How to use Contextual MCP Server?

To use this server, clone the repository, create and activate a virtual environment, install dependencies, configure the server with your Contextual AI API key and agent ID, and integrate it with your AI interface (Cursor IDE or Claude Desktop) by creating or modifying the MCP configuration file in the appropriate location.

Key features of Contextual MCP Server

  • Accurate Responses grounded in documentation

  • Source Attribution with references to source documents

  • Context Awareness maintaining conversation context

  • Real-time Updates reflecting the latest documentation

Use cases of Contextual MCP Server

  • Answering domain-specific questions using a dedicated Contextual AI agent

  • Searching through comprehensive information in a knowledge base

  • Generating responses grounded in source documentation with citations

  • Maintaining conversation context for follow-up questions

FAQ from Contextual MCP Server

What is the purpose of the MCP server?

The MCP server bridges AI interfaces like Cursor IDE and Claude Desktop with a Contextual AI agent to provide RAG capabilities.

What are the prerequisites for using the server?

You need Python 3.10 or higher, Cursor IDE and/or Claude Desktop, a Contextual AI API key, and an MCP-compatible environment.

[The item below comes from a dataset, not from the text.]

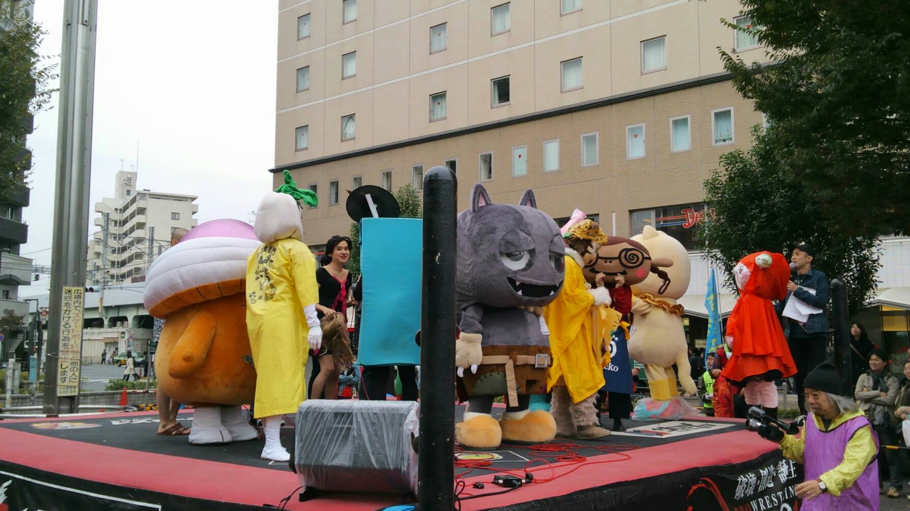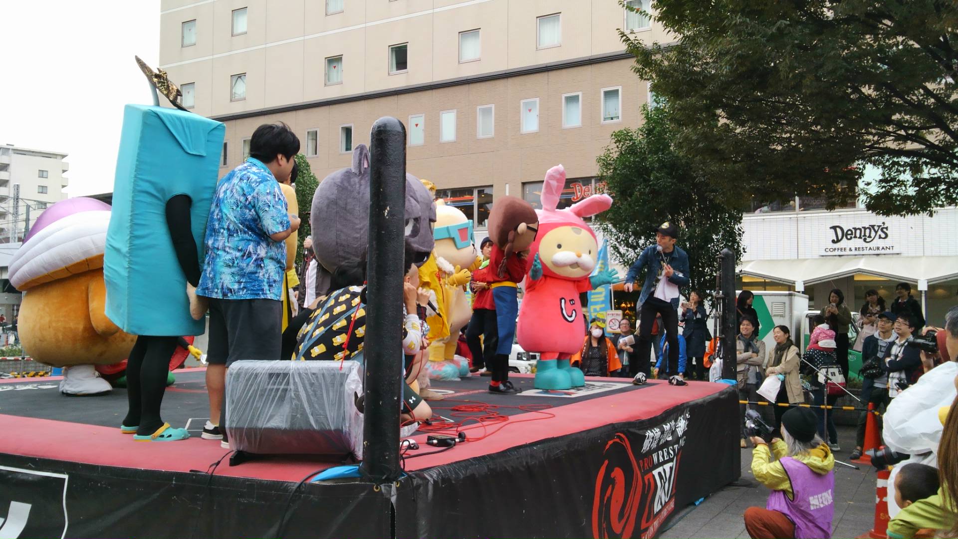 ゆるキャラプロレスは雨で中止。

How do I configure the server?

You need to configure the server with your Contextual AI API key and agent ID, and customize the docstring for your RAG agent to match your knowledge domain.

How do I integrate the server with Cursor IDE or Claude Desktop?

Create or modify the MCP configuration file (mcp.json) in the appropriate location (.cursor/ or Claude Desktop configuration directory) with the correct command and arguments.

What are the limitations of the server?

The server runs locally, tool responses are subject to Contextual AI API limits, and it currently only supports stdio transport mode.